The Nostalgia of Music
By Greg Evans
I was rummaging through my basement and stumbled upon an old boombox, a crippled black Panasonic, maybe circa 1985. Inside one was a cassette tape, but no ordinary LP- it was an old mixed tape. Interesting. Remarkably, I still had the power cord, and the radio still worked. Unfortunately, not the tape player. The only sound produced was a gasping and crunching of gears, psuedo-melted by undefinable liquid that oozed out of the 35-year-old batteries. I had envisioned listening to that old mixed tape while working through a six-pack of Hamm’s, and letting the songs take me back to a different time. A simpler time, when nebbish guys getting laid was a wet dream, and my teenage crush was a goddess, so perfect I wondered if she was made of glass and would shatter into a billion jagged shards if that field hockey ball hit her. Music had that power. Music can go underneath the skin and into the soul. It can pull out memories you had forgotten existed, and they can transport you through the ether, back to a reality that you barely paid attention to when you were there.
I then remembered I had another newer boombox, circa 1991, which played cassettes and CDs. The power cord for this one was long gone, so I ran down to the store and bought 8 double-D batteries for the RCA. I haven’t purchased double D batteries in probably over a decade. The cassette player, CD player, and radio all worked. I found four old mixed tapes in stale bags tucked away in the basement. The music hit me like it was 1996 all over again. If only we realized how important it was to have that music, in that moment, that one day would take us back to that time. If only I had the courage to lean in and kiss my little blonde crush while she was sitting next to me on the couch in the basement of my parents’ house that afternoon, while that song was playing, so I could go back to that moment every time I heard that song. Life regrets. That is how guys who never made out with their crushes in middle and high school think now as grown-up divorced adults. Or even married ones, still surreptitiously pining over that one that got away.

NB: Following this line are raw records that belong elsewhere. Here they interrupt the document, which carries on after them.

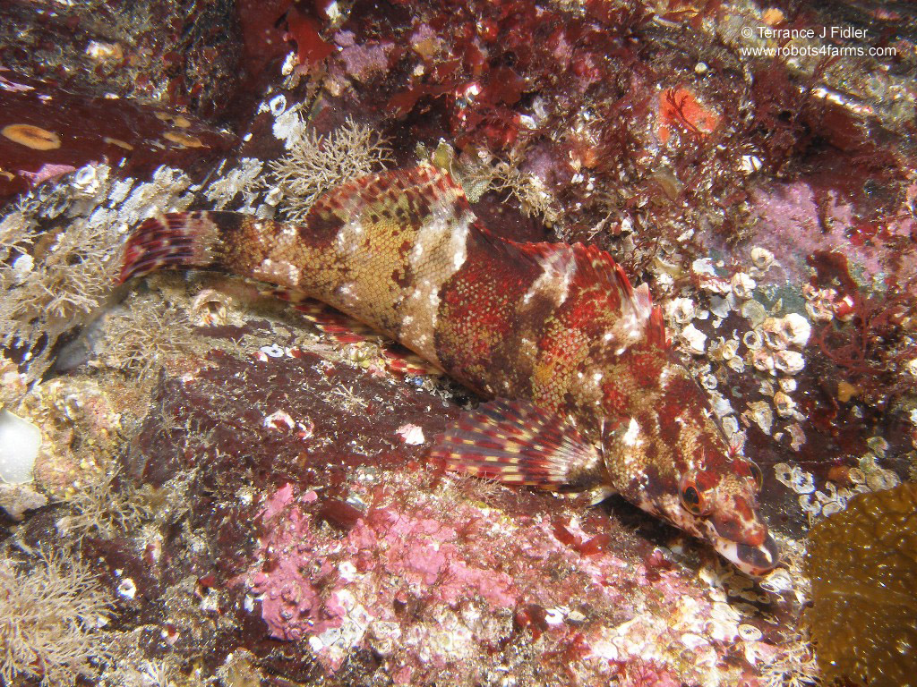[30 cm] long. This is a larger specimen of this fish than what I normally spot. [Oxylebius pictus] (December 23, 2006) |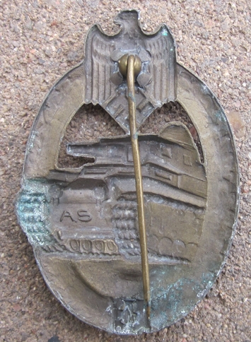 Original period manufacture. Hollow Back Bronze Panzer Assault badge by Adolf Scholze, letters AS on the reverse. Ball type hinge, missing the catch. Uncleaned, salty patina finish.
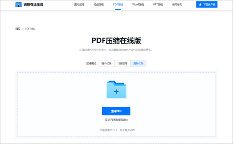 迅捷压缩在线软件提供了多种不同的压缩方式,包括图片压缩、视频压缩、PDF压缩等。在选择压缩方式时,我们需要根据自己需要压缩的PDF文件类型和需求来选择合适的压缩方式。

Music takes us to certain places, both good and bad. But it’s that nostalgic music that really does it. I grew up in a great town, just outside New York City, another great town, at a great time in history, had a great family and great friends surrounded by great music, both at home and on the radio. Everything was great. I was lucky. Not everyone has that. Sometimes I forget that I had that world, and when the modern world of artificial intelligence, natural flavorings, lousy iPhone 17s, and crumpled lottery tickets gets me down, it is music that hits a chord and brings me back.
It’s important to have vinyl, cassette tapes, and CDs on hand if you feel like listening to any of them at any given time. The digital shit. Trash bin.
I miss New York all the time. Punk rock music, for example, takes me back to all those shows at Irving Plaza and CBGBs in lower Manhattan, and the time spent in Long Beach, California, working for the newspaper and hanging out with Carlos and Lon, and Pamela, and Tia, and Irene, and my buddies from work. Music does weird things to us.
I like feeling nostalgic. It’s soothing. But not forced nostalgia. It has to come naturally, almost by accident.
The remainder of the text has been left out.